Mitosis is fundamental for all life. Decades of research have yielded plenty of insight into how chromosomes, microtubules and centrosomes are remodeled to ensure the faithful inheritance of genetic material. But in addition to the correct genetic information, forming daughter cells also need a full complement of membrane-bound organelles for their viability. Furthermore, it has recently emerged that spindle assembly and chromosome segregation depend on organelles and organelle-associated proteins. Thus, membrane-bound organelles need to be re-structured and re-positioned in highly specific ways to ensure successful cell division. However, the mechanisms of mitotic organelle remodeling have largely remained elusive. We have recently characterized the membrane shaping and microtubule-binding proteins REEP3 and REEP4 as major organizers of endoplasmic reticulum (ER) during mitosis. REEP3 and REEP4 redundantly position ER and create high ER membrane curvature in mitosis. REEP4 additionally promotes the assembly of new nuclear pore complexes (NPCs) in the forming nuclear envelope in late mitosis, possibly by linking high-curvature ER to an NPC precursor on chromatin. 

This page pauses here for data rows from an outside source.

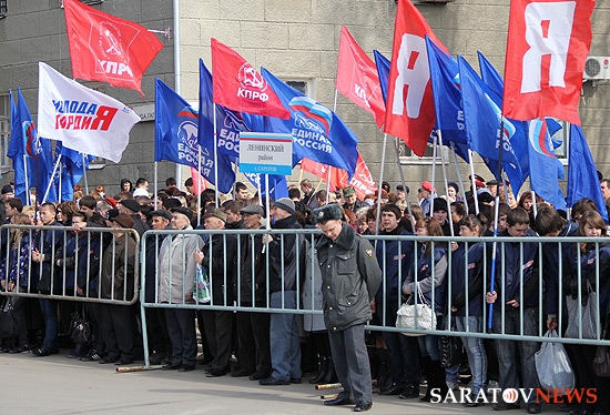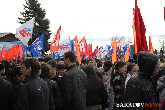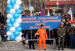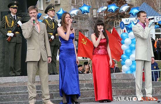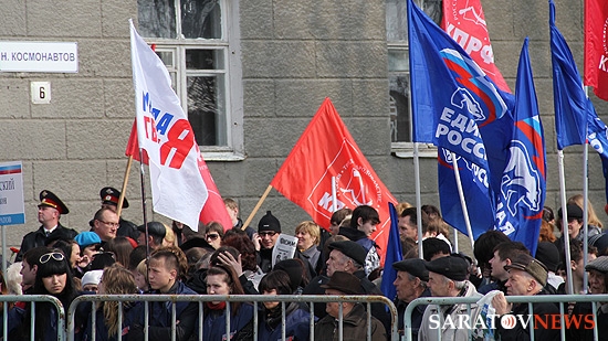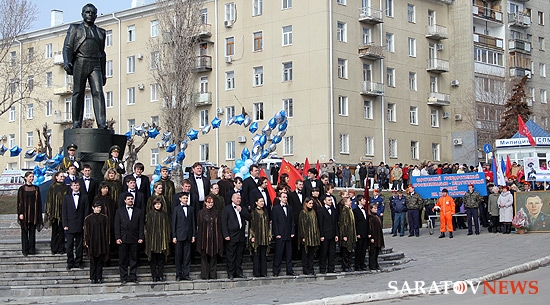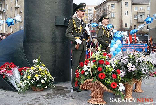 На митинг прибыли также студенты индустриального техникума, в котором учился первый космонавт, многочисленные высокие гости, а также простые саратовцы. Всего на площади Гагарина собралось около полутысячи человек.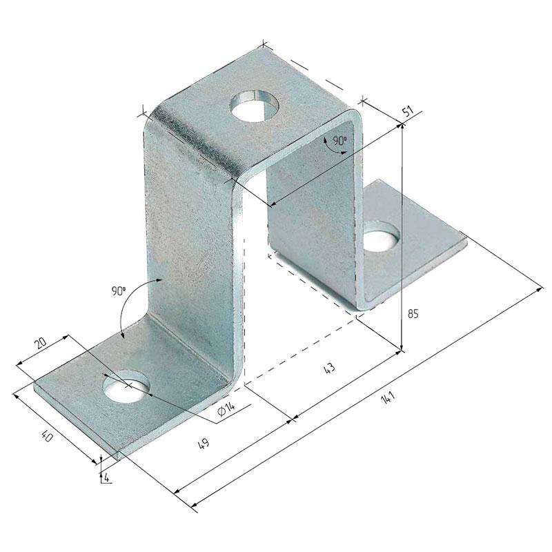 Обеспечивает устойчивое поперечное соединение двойных профилей, особенно эффективно используется скоба в создании пространственных силовых, опорных каркасов и решеток.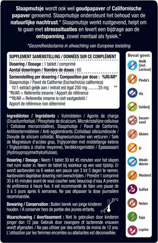 | Gebruiksaanwijzing | Neem 1 tablet 30 tot 45 minuten voor het slapen met ruim water in. Neem de tablet bij voorkeur op een vast tijdstip. Er wordt aanbevolen na 6 weken een pauze van 3 tot 5 dagen te nemen. Aanbevolen dagelijkse dosering niet overschrijden. |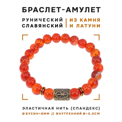 Браслет со славянской руной Рок и нат.камнем Сердолик, 8мм BSRN-13-17

REEP3 and REEP4 thereby ensure that a proper nuclear envelope is formed and promote correct chromosome segregation and cytokinesis, confirming the notion that correct organelle architecture is essential for cell division. 
Thesis project: Our group has recently moved to the Biochemistry Center of Heidelberg University (BZH). The advertised project will build on our recent findings and aims to elucidate mechanisms of cell-cycle regulation and of microtubule-association of REEP3 and REEP4. To this end, we will investigate cell-cycle dependent differences in post-translational modifications and the interactomes of REEP3 and REEP4. 
This research at the interface of cell cycle and organelle biology is aimed at uncovering unappreciated mitotic pathways to enable a more comprehensive understanding of cell division.

Personal qualifications:

 We are looking for PhD and Master's students who are keen to investigate fundamental cell biological questions related to the morphogenesis and organization of membrane-bound organelles. Candidates should have a background in molecular cell biology, biochemistry or related fields, be passionate about experimental research, enjoy working in an international team and be comfortable communicating in English.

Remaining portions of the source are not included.